That pic ( posted below) i posted is after the werdum fight, u can see some bumps and bruises after the werdum fight. I'm just trying to say he is one of those fighters that gets cut and bruise easily. Aside from the eye, that nose has been a problem for fedor for years. Just look at the rogers fight how badly it was damage.


----------



## Roflcopter (Sep 5, 2008)

marcthegame said:


> Hold on are people actually thinking he got cut from strikeforce because of those reasons? Lol this has smoke screen written all over it. This is like a script from a soap opera so that the reem can join the ufc.


This. It has to be.

I refuse to believe a promotion could be so incompetent to release it's CURRENT champion...and it's biggest draw.


----------



## Mckeever (Apr 26, 2009)

Roflcopter said:


> This. It has to be.
> 
> I refuse to believe a promotion could be so incompetent to release it's CURRENT champion...and it's biggest draw.


But.....he hurt his wee toe


----------



## Bonnar426 (Jul 18, 2006)

Roflcopter said:


> This. It has to be.
> 
> I refuse to believe a promotion could be so incompetent to release it's CURRENT champion...and it's biggest draw.


Even if that is true it still sucks. I would have like to have seen Silva vs. Overeem and or Overeem vs Barnett or Khrantonov 3 (Spelling).


----------



## Hiro (Mar 9, 2010)

As I understand it, Dana and co do have the overall say on fighters in SF, although Dana has stayed out of it until now. If Reem was getting cut, you'd think Dana would have been involved. Otherwise, it would have been Coker's decision and he's basically given Overeem to the UFC which seems completely pointless.

Strange situation, but I think Overeem is overhyped anyway, Cain would handle him and so would JDS.


----------



## Voiceless (Nov 8, 2010)

St.Paul Guy said:


> I've heard Alistair say that if Dana wants him he'll have to pay up. Like I said he'll end up in the UFC, but I thought that about Fedor as well. This just seems like something that isn't getting done overnight.


But Overeem is smarter than Emelianenko businesswise I guess, so it's more probable to see Overeem in the UFC soon than it was with Emelianenko. And probably it was also not the dumbest move to leave the tournament. Overeem had nothing really to win there. Strikeforce is going to fold sooner or later. With his "not as impressive win as thought before" win over Werdum it was smarter step out of the tournament, keeping his market value which wouldn't have gone up significantly with a win over Silva, because he is champ already, but would have dropped considerably with a loss. Winning the tournament would have put him probably in the best spot for negotiations with the UFC, but with still two strong opponents ahead that would also be a risky bet. So leaving now is much safer for his business and with his market value he is still in a good position for negotiations.



leifdawg said:


> Why couldn't Brock do exactly the same thing as Bigfoot did?

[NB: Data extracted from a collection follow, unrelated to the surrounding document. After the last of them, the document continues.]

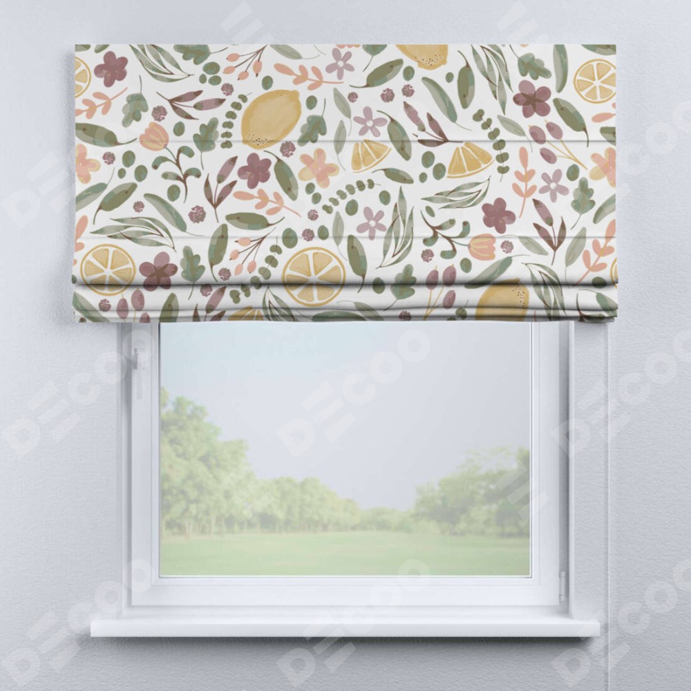 Римская штора «Кортин» для проема «Лимоны и цветы» отлично подойдёт для интерьера: в кухню и на балкон.
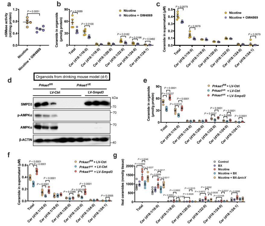 SMPD3被認(rèn)為是代謝性疾病的病理加速器。將SMPD3抑制劑GW4869應(yīng)用于有機(jī)化合物以抑制SMPD3活性。GW4869降低了尼古丁處理下類器官及其上清液中的神經(jīng)酰胺水平。慢病毒表達(dá)的SMPD3被用于從尼古丁飲用模型恢復(fù)Prkaa1基因敲除的回腸器官中SMPD3的表達(dá)。正如預(yù)期的那樣,SMPD3的過(guò)表達(dá)逆轉(zhuǎn)了由于回腸器官中AMPKα1缺乏而導(dǎo)致的神經(jīng)酰胺水平的降低。在尼古丁加速的NASH小鼠模型中,在B. xylanisolvens存在的情況下,被B.xylansolvens定植的SPF小鼠回腸神經(jīng)酰胺減少,這是由于腸道p-AMPKα-SMPD3軸被抑制所致。
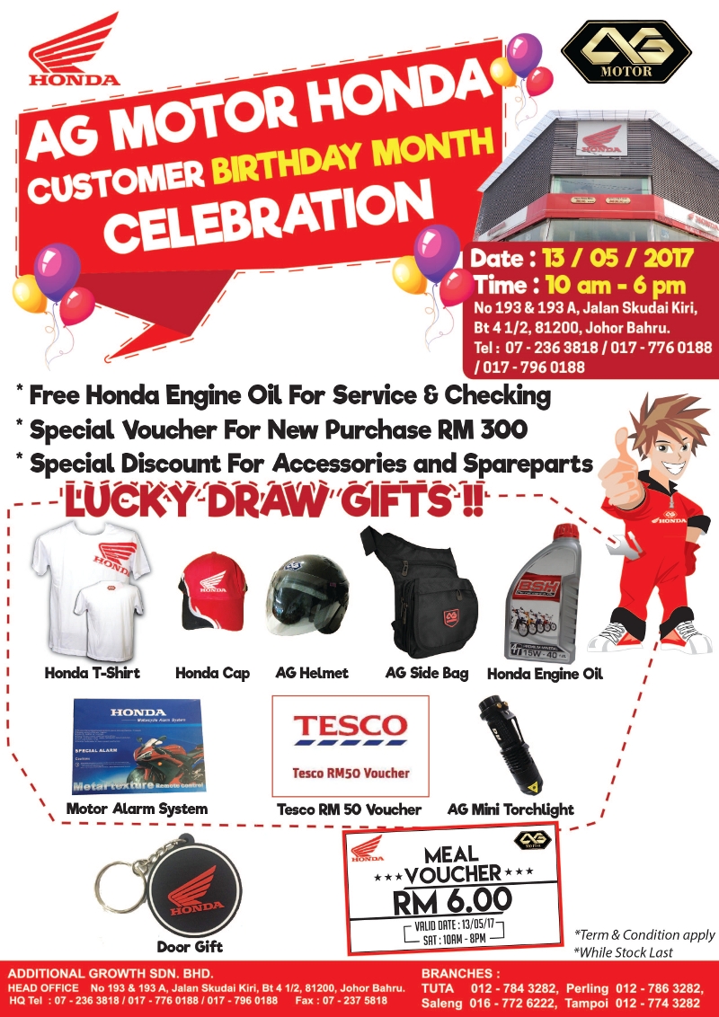 2017 MAY 13 - AG MOTOR HONDA CUSTOMER BIRTHDAY MONTH CELEBRATION

Lesnar is without doubt a better wrestler than Silva and probably the stronger athlete, so I would definitely see his chances to outmuscle Emelianenko. But Silva is a BJJ black belt and more important isn't afraid of taking a punch to the face. He just ate Emelianenko's shots (which have dropped many before) without any noteworthy reaction, but I guess most of us remember Lesnar's reaction to Carwin's and Velasquez' punches.



UFC_OWNS said:


> is that why mark hunt,brett rogers and silva have put him on his arse? lets be real here, you love fedor and you hate brock which is why you cant admit that brock just gorilla smash fedor into a pulp like bigfoot did, brock is way better than bigfoot in everything but stand up but brock doesnt have to stand with fedor and would take him down straight away


No, Lesnar is not better than Silva in everything but stand up. Lesner is the better Wrestler, which gives him an advantage in the take down department in particular. And he is possibly the stronger athlete, but Silva is a BJJ black belt and his submission game is probably not even in sight for Lesnar. Silva's striking is better and most important, Lesnar crumbles when he gets hit hard in the face.

So Lesnar is without doubt a beast when he can overpower his opponent, but hasn't the mentality to face real adversary.


----------



## Drogo (Nov 19, 2006)

Roflcopter said:


> This. It has to be.
> 
> I refuse to believe a promotion could be so incompetent to release it's CURRENT champion...and it's biggest draw.


He virtually refused to defend his belt, fights no remotely credibly opponents until Werdum and then puts on a crappy (to most fans) fight and then delays their big tournament for a trivial injury (allegedly). Maybe they are just sick of him.

I'm not ruling out this being a set up to get him into the UFC but I can also see it being even simpler; that he is a pain in the ass and they are tired of it.


----------



## Big_Charm (Jan 7, 2011)

RustyRenegade said:


> I would offer to make a bet but your demands would be so confusing and ridiculous that it would end up falling through I'm afraid.
> 
> Brock would have beat Fedor in his debut had they been matched up


Haha that gave me my morning laugh of the day.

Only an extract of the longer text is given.